Best Buy Goes From Big Box to Boutique

By Scott Reeves Feb 12, 2009 3:00 pm

Brief scrutiny of today's headlines.



Big-box retailer Best Buy (BBY) is going small in an effort to reap sizeable sales of smartphones.

The company is opening slimmed-down stores -- up to 3000 square feet -- exclusively devoted to the sale of wireless equipment. The reason: Apple's (AAPL) iPhone, Research In Motion's (RIMM) BlackBerry and other smartphones offer the tantalizing prospect of growth in an otherwise sour retail market.

The whiz-bang devices often combine voice communication with Web browsing, music players and digital cameras. Better yet, smartphones generate solid profit margins.

Best Buy's new stores offer about 90 different phones and service from 9 separate wireless carriers. So far, the company has opened 41 Best Buy Mobile locations in the US and 3 in Canada. And, according to the Wall Street Journal, the company has added the new store-within-a-store to about 1000 of its existing outlets.

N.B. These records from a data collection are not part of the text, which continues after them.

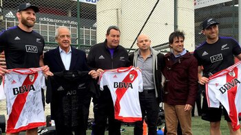 Un día antes de que River reciba a Vélez por el campeonato de Primera División (mañana desde las 20) y que los All Blacks visiten a Los Pumas (desde las 19.10) en el José Amalfitani, los protagonistas de ambos equipos se cruzaron y midieron sus habilidades en el césped del Monumental.
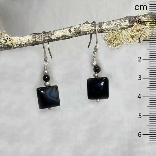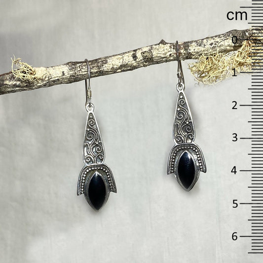 Black Onyx & Hilltribe Silver Earrings
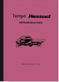 Bedienungsanleitung für Tempo Hanseat 3-Rad Kleinlastkraftwagen. Ausgabe 08/1952.
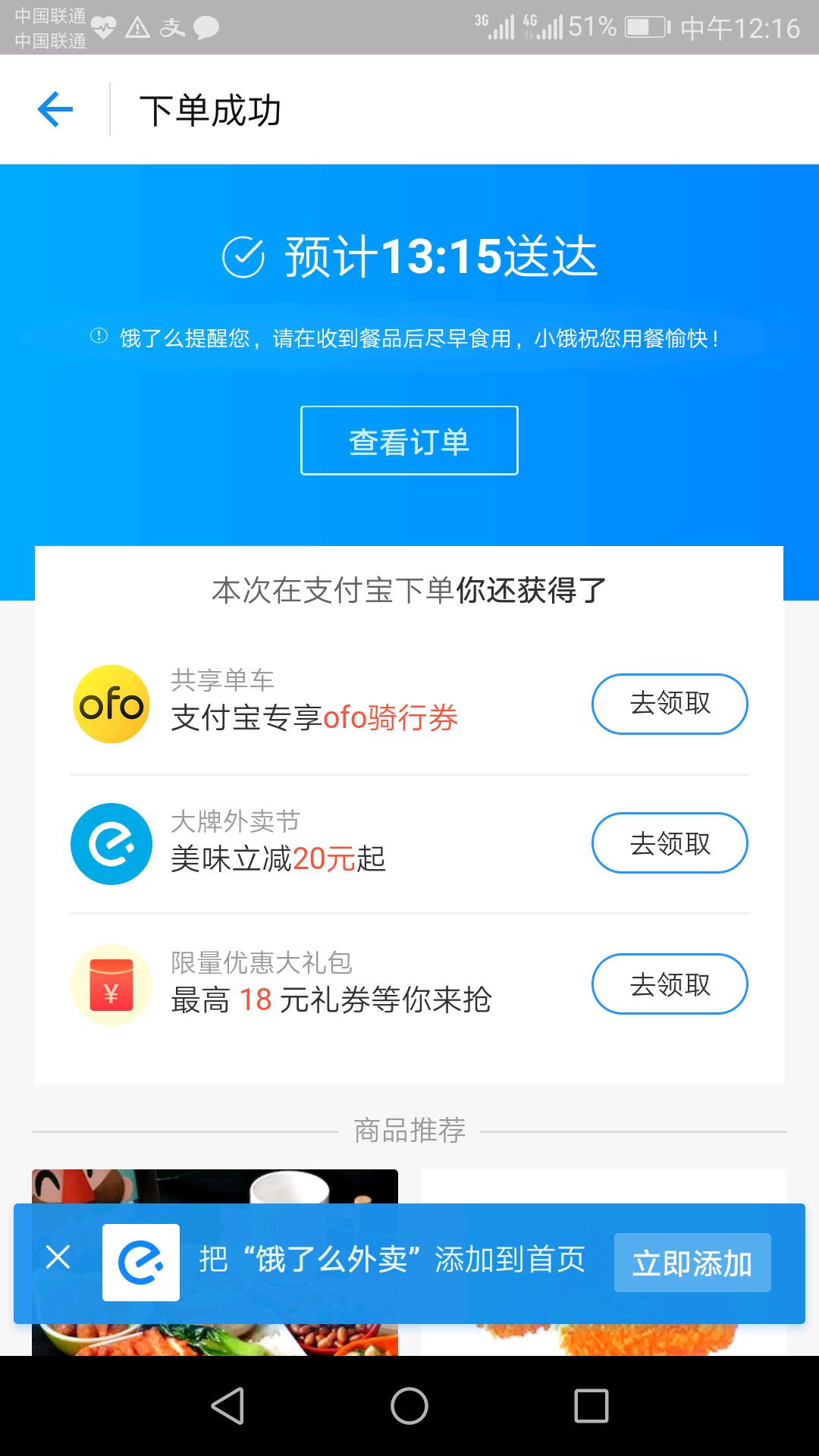 下单了
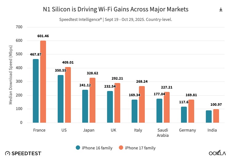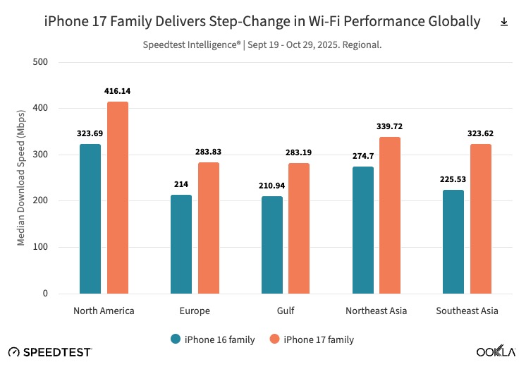 Firma Ookla odpowiadająca za serwis Speedtest.net opublikowała nowy raport, w którym porównano średnie prędkości transferu pobierania w kilku kluczowych regionach. Wykorzystano do tego dwie generacja iPhone’ów: 16 i 17. Różnice są ogromne – sięgają choćby 40 proc. na rzecz nowych modeli, chociaż oba korzystają z WiFi 7.
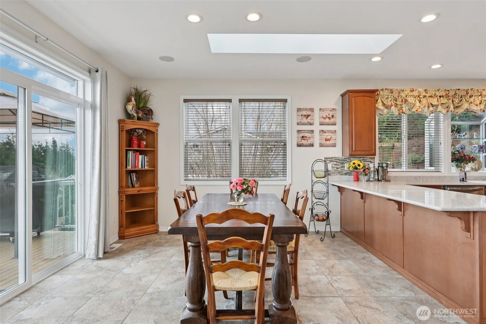 Perched in the highly sought after Cavalero Hills community, this 3,200 sq ft daylight rambler offers sweeping views of the Sound and Cascade Mountains, creating a serene backdrop for everyday living. Designed to capture natural light, the spacious living room features a dramatic wall of windows and a cozy gas fireplace—perfect for relaxing while taking in the scenery. The gourmet kitchen is a true centerpiece, boasting rich cherry cabinetry, expansive quartz countertops, and abundant prep space, seamlessly flowing into the adjoining dining area—perfect for entertaining or casual meals. The main floor primary suite offers convenience and comfort, complete with a private slider opening to the view deck, where you can enjoy morning coffee or evening sunsets. A dedicated office provides flexibility for remote work or creative pursuits. Downstairs, a generously sized bonus room offers endless possibilities. Media room, guest quarters, or recreation space. Situated on a generous sized lot with a rolling lawn and mature fruit trees. Ideally located near the community trailhead and beach access, this home combines peaceful living with easy access to nature—an exceptional opportunity in a coveted neighborhood.
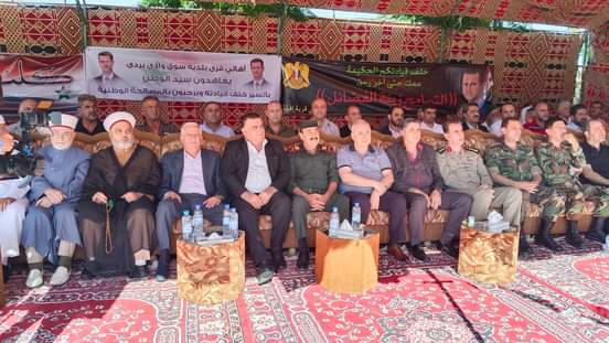 تنفيذاً لمرسوم العفو رقم 7 لعام 2022 وبحضور محافظ ريف دمشق المحامي صفوان ابو سعدى وامين فرع الحزب المهندس رضوان مصطفى وقائد الشرطة اللواء نزار حسن انطلقت صباح اليوم عملية التسوية القانونية بمنطقة قدسيا في قرية دير قانون بريف دمشق وذلك ضمن خيمة وطن بحضور لممثلين عن القيادات العسكرية والأمنية والرسمية وأعضاء مجلس الشعب وفعاليات دينية واهلية وحشد من الأخوة المواطنين.
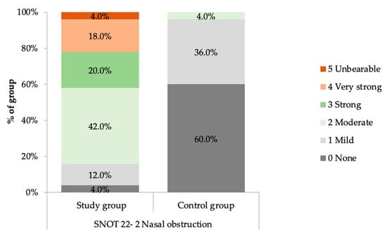 Severity of nasal obstruction in the study group and control group, based on SNOT-22 questionnaire.
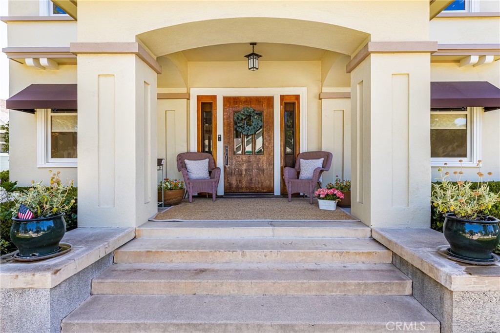Welcome to this ICONIC 1921 Prairie Style home, meticulously designed to embody the essence of Frank Lloyd Wright’s renowned architecture. Nestled on one of Old Towne Orange’s most sought-after blocks, this residence is TURNKEY & sure to impress the most discerning buyer! Step inside to discover 4 bedrooms & 2 full baths, natural wood finishes, complemented by built-in cabinetry. A striking oak front door, flanked by sidelights, invites you into the warmth of the original hardwood floors. The open floor plan seamlessly connects the front living room to the formal dining room, boasting an exquisite built-in china buffet with original leaded glass, custom wood wainscoting & picture rails. The unique French doors lead to a private office/library, complete with built-in secretary, pull-out Murphy bed & ornate wood detailing including leaded glass cabinets & bookshelves. Enjoy moments of tranquility in the sunroom, featuring a coffered ceiling & full-length windows that offer serene views of the yard & pool area. A swinging door gracefully divides the dining room from the gorgeous kitchen, equipped with Wedgewood gas stove, kitchen island & wood-faced built-in refrigerator, crisper drawers & freezer. An original hideaway prep table adds nostalgia & practicality to the space, while black DuPont Zodiaq quartz countertops & shaker-style cabinets exude timeless charm. Upstairs you will find 4 bedrooms, including the primary bedroom with walk-in closet & private balcony, perfect for savoring the neighborhood view. Both bathrooms have been beautifully restored, featuring white tile, pedestal sinks, & showers over the tubs. The upstairs bathroom still retains its laundry chute, conveniently connecting to the main floor mudroom. A custom Dutch door leads to the breathtaking rear yard, featuring a remodeled resort-like pool/spa, complemented by a covered patio & numerous fruit trees. The large basement houses the updated HVAC system, water heater & ample storage space. The long driveway, graced with a Porte-cochere & side door entrance, extends to the detached garage. Recent upgrades include a NEW ROOF, copper plumbing repipe, newer rear sewer line & upgraded 200 amp electrical service panel. Fresh exterior paint & custom awnings add to the home’s immaculate appeal, while the resurfaced pool/spa enhance the outdoor oasis. This property is eligible for the Mills Act property tax reduction program subject to approval. A RARE OPPORTUNITY to own this Historic Masterpiece!
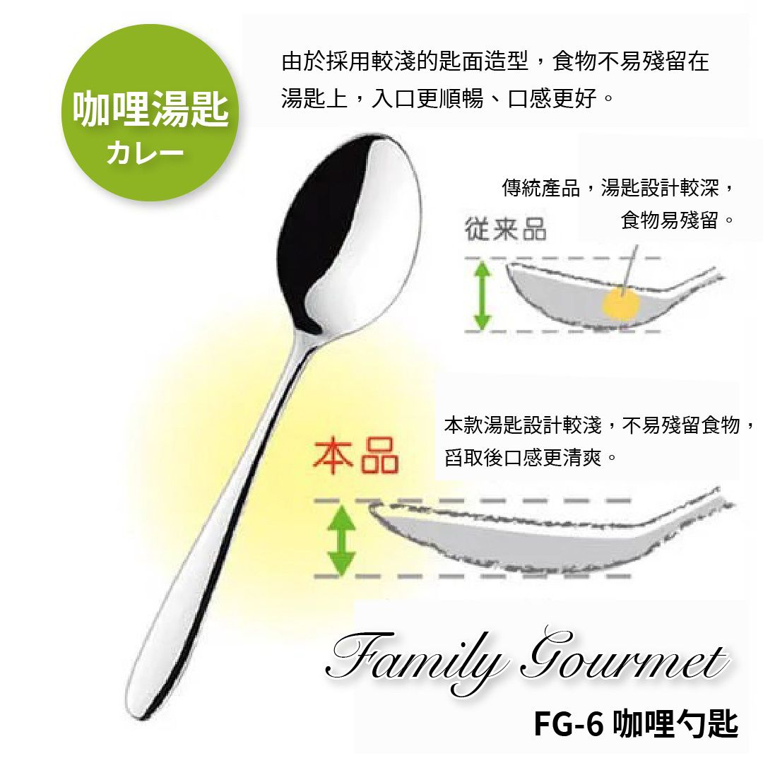 日本 ASAHI|日本製|18-10 不鏽鋼圓湯匙|Family Gourmet|FG-1
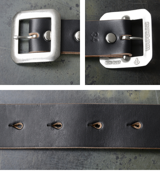 ベルトのレザーは、HORWEEN / ホーウィン社の『CHROMEXCEL / クロムエクセル』を使用。 ホーウィン社の伝統と技術が詰まった革で、その柔らかさ、耐久性、豊かなオイル感、そして抜群なエイジング。 使い込むほどに魅力が増すクロムエクセルレザーの製品は長く愛用できる逸品です。 ベルトの幅も一般的なサイズより少しこぶりにすることで、ベルトループが細めのワークパンツにも着用できます。 剣先は「ギャリソンカット」と呼ばれる半船形に仕上げ、WAIPERオリジナルのデザインを刻印しました。
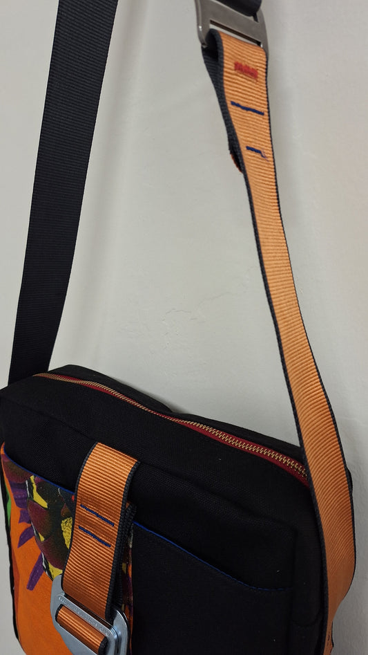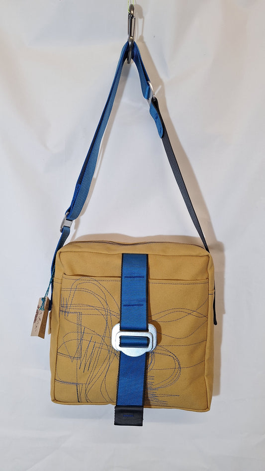 The bags are made using paraglider material for the linings, retired climbing harnesses for the straps and closures.
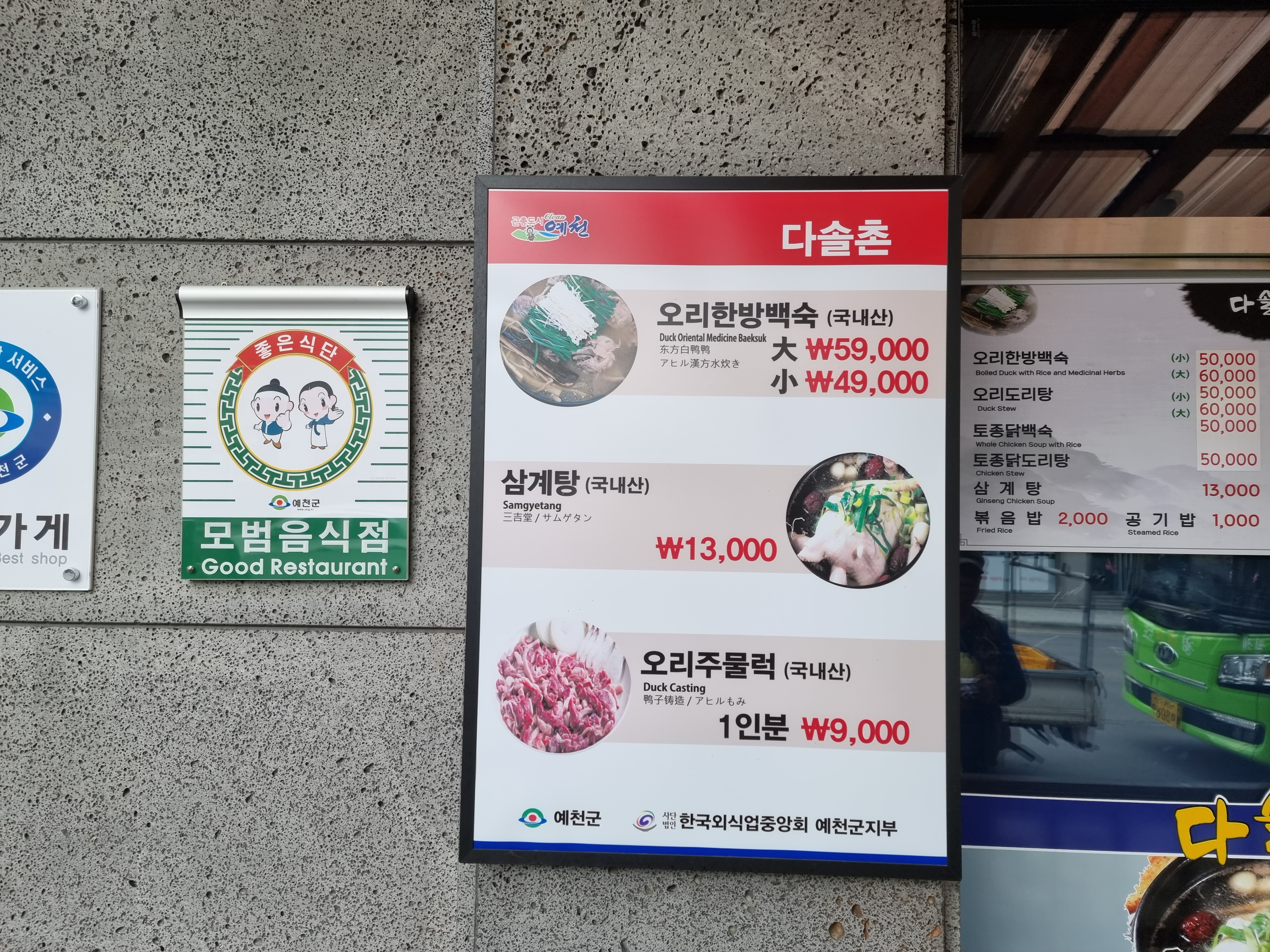 오리한방백숙과 삼계탕, 오리주물럭 등이 인기 메뉴입니다. 예천군 선정 모범음식점입니다. 토종닭백숙도 있네요.

The company declined to say how many mobile stores it plans to open in 2009, but it hopes the unconventional move will help it better meet the stiff competition it faces from Wal-Mart (WMT), the world's largest retailer, and RadioShack (RSH), both of which sell smartphones.
Best Buy isn't abandoning its big-box format. The company has expressed interest in acquiring some of the yet-to-be-closed stores of its now-defunct rival, Circuit City.

"We're looking at some of those (stores), but our first priority is to stay cash-strong," Best Buy's outgoing CEO Brad Anderson told Reuters.